=== Work request ===
An exact reproduction of the listing, minus the pictures, is the required output.

━━━ Data below ━━━

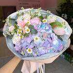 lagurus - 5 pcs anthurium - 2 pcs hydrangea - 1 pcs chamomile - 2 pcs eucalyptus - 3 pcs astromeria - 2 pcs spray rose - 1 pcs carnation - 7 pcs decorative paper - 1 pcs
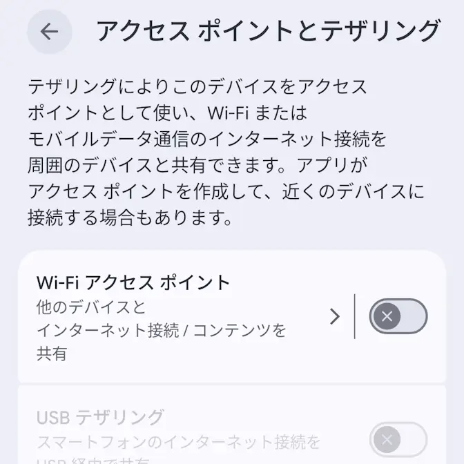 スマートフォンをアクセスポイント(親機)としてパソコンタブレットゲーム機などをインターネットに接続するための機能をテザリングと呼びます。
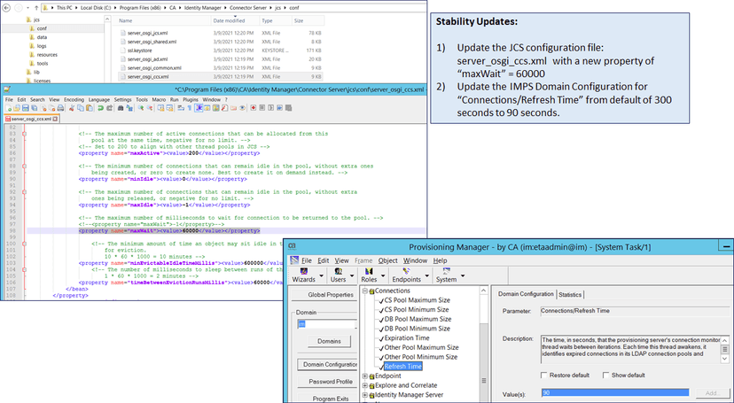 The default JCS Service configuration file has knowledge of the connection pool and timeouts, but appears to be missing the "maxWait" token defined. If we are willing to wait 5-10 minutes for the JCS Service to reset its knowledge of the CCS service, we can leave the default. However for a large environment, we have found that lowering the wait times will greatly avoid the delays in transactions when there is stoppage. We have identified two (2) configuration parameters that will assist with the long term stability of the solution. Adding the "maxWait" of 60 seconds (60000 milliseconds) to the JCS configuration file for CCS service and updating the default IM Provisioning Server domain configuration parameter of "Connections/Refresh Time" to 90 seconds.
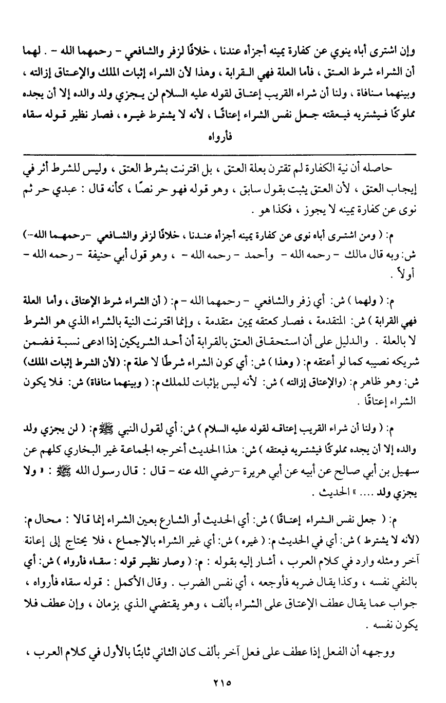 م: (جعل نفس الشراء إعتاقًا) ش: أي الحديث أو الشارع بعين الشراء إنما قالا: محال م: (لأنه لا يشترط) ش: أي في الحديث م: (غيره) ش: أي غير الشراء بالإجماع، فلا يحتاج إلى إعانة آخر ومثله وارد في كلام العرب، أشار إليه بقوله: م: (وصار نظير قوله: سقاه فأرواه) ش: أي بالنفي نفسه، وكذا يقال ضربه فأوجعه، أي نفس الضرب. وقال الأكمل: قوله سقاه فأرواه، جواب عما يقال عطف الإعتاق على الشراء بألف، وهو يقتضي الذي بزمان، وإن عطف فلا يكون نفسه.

━━━

=== Solved exercise ===
 lagurus - 5 pcs anthurium - 2 pcs hydrangea - 1 pcs chamomile - 2 pcs eucalyptus - 3 pcs astromeria - 2 pcs spray rose - 1 pcs carnation - 7 pcs decorative paper - 1 pcs
 スマートフォンをアクセスポイント(親機)としてパソコンタブレットゲーム機などをインターネットに接続するための機能をテザリングと呼びます。
 The default JCS Service configuration file has knowledge of the connection pool and timeouts, but appears to be missing the "maxWait" token defined. If we are willing to wait 5-10 minutes for the JCS Service to reset its knowledge of the CCS service, we can leave the default. However for a large environment, we have found that lowering the wait times will greatly avoid the delays in transactions when there is stoppage. We have identified two (2) configuration parameters that will assist with the long term stability of the solution. Adding the "maxWait" of 60 seconds (60000 milliseconds) to the JCS configuration file for CCS service and updating the default IM Provisioning Server domain configuration parameter of "Connections/Refresh Time" to 90 seconds.
 م: (جعل نفس الشراء إعتاقًا) ش: أي الحديث أو الشارع بعين الشراء إنما قالا: محال م: (لأنه لا يشترط) ش: أي في الحديث م: (غيره) ش: أي غير الشراء بالإجماع، فلا يحتاج إلى إعانة آخر ومثله وارد في كلام العرب، أشار إليه بقوله: م: (وصار نظير قوله: سقاه فأرواه) ش: أي بالنفي نفسه، وكذا يقال ضربه فأوجعه، أي نفس الضرب. وقال الأكمل: قوله سقاه فأرواه، جواب عما يقال عطف الإعتاق على الشراء بألف، وهو يقتضي الذي بزمان، وإن عطف فلا يكون نفسه.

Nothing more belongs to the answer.